Me ha llamado especialmente la atención el caso de China, que según el informe presenta una economía sumergida del 20%. Para un país con una de las economías más grandes del mundo, este porcentaje implica un volumen colosal de actividad económica fuera del radar gubernamental. Es un recordatorio de que incluso los regímenes con fuerte capacidad de control estatal encuentran desafiante erradicar estas prácticas.

En este escenario, la tecnología se presenta como un arma de doble filo. Por un lado, los avances en los pagos digitales, el uso generalizado de tarjetas, y otras aplicaciones de pago controladas permiten a los gobiernos rastrear cada transacción y reducir las posibilidades de evasión fiscal. Por ejemplo, en países como Suecia o Noruega, donde los pagos en efectivo son casi anecdóticos, la economía sumergida se mantiene en mínimos históricos.

Sin embargo, no todo el mundo ve con buenos ojos este nivel de control. Muchos ciudadanos y pequeños empresarios sienten que ceder completamente sus datos financieros vulnera su privacidad y su libertad económica. Y en algunos casos, estas tecnologías de control pueden ser vistas como instrumentos potenciales de vigilancia masiva.

Además, hay factores estructurales que alimentan la economía sumergida y que van más allá del simple deseo de evadir impuestos: regulaciones excesivas, burocracia asfixiante, mercados laborales poco flexibles, altos costes de formalización de negocios o incluso falta de confianza en que los impuestos se destinen a un uso eficiente.
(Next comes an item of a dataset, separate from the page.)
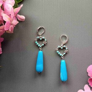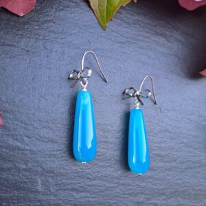 Handmade Teardrop Blue Agate Earrings with Silver Bow Accent, Statement Earrings, Drop Earrings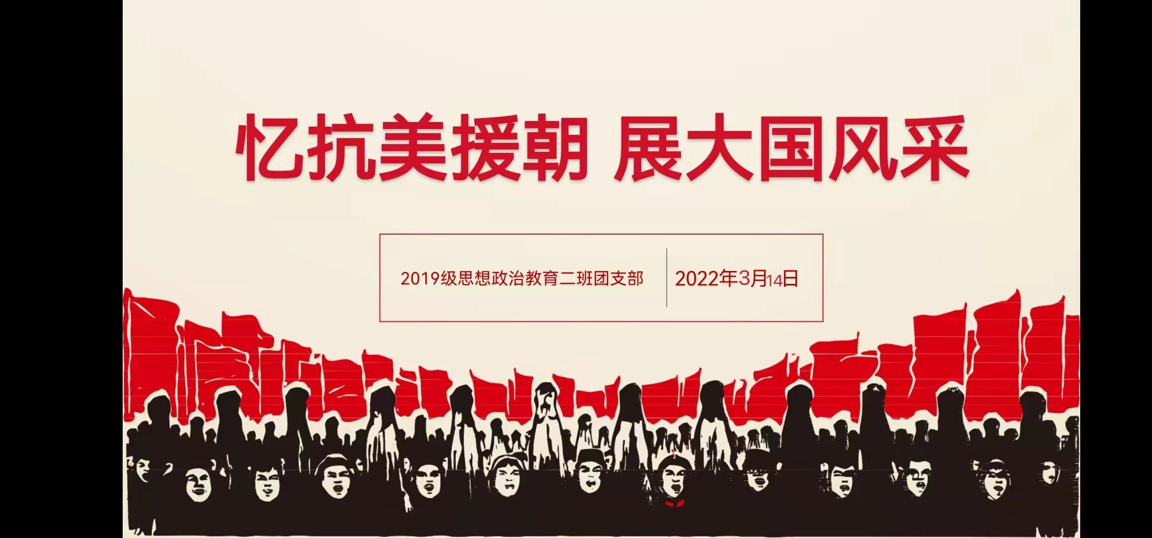 为缅怀革命先烈,弘扬民族精神,加强团员青年爱国主义教育,厚植爱国主义情怀,3月14日上午,我院2019级思想政治教育二班在腾讯会议召开“忆抗美援朝,展大国风采”网上主题团课。2019级思想政治教育二班全体成员共同参会。会议由团支书孙雅娴主持。

El reto para los gobiernos es encontrar el delicado equilibrio entre facilitar la formalización de la economía, mantener un sistema tributario justo y proporcional, y garantizar un grado razonable de privacidad para los ciudadanos. Programas de amnistía fiscal, simplificación de trámites, incentivos para la formalización de pequeños negocios y educación tributaria son herramientas que han demostrado eficacia en distintos contextos.
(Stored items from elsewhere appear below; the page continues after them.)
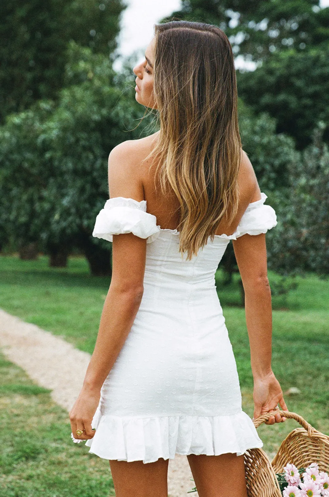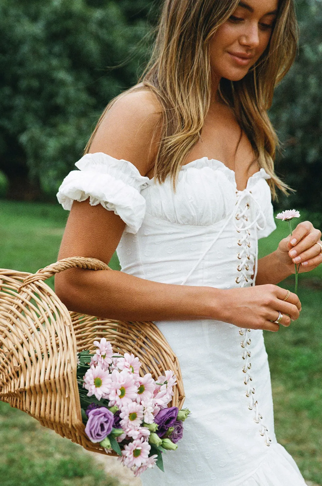 Designed To Flatter, The Costa Mesa Dress Is Made From A Stunning Dobby Spot Fabric In White. It Features A Corset Style Bodice With Ruching At Cups, Puffy Arm Sleeves, Lace Up At Centre Front And Frill Across Hemline. Pair With Nude Mules And Gold Accessories For Your Next Event! Exclusively Designed By Sabo.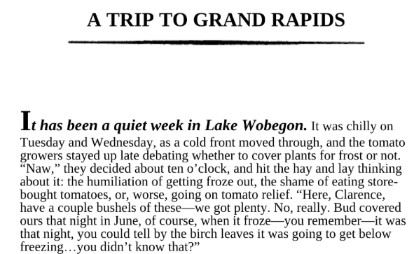 The way he captures my homeland, Minnesota, and builds personalities and lives around his characters, causing me both to laugh at and sympathize with them, and always love them.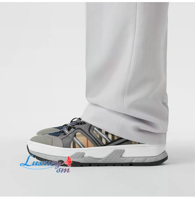 BURBERRY-80311081 버버리 베이지/그레이 빈티지 체크 코튼 스웨이드 유니언 스니커즈

La economía sumergida es, en definitiva, un fenómeno tan antiguo como la propia actividad económica. Su reducción no depende solo de la vigilancia y el castigo, sino de construir sociedades más justas, con instituciones más confiables, donde pagar impuestos se perciba no como un castigo, sino como una contribución a un bien común tangible y perceptible.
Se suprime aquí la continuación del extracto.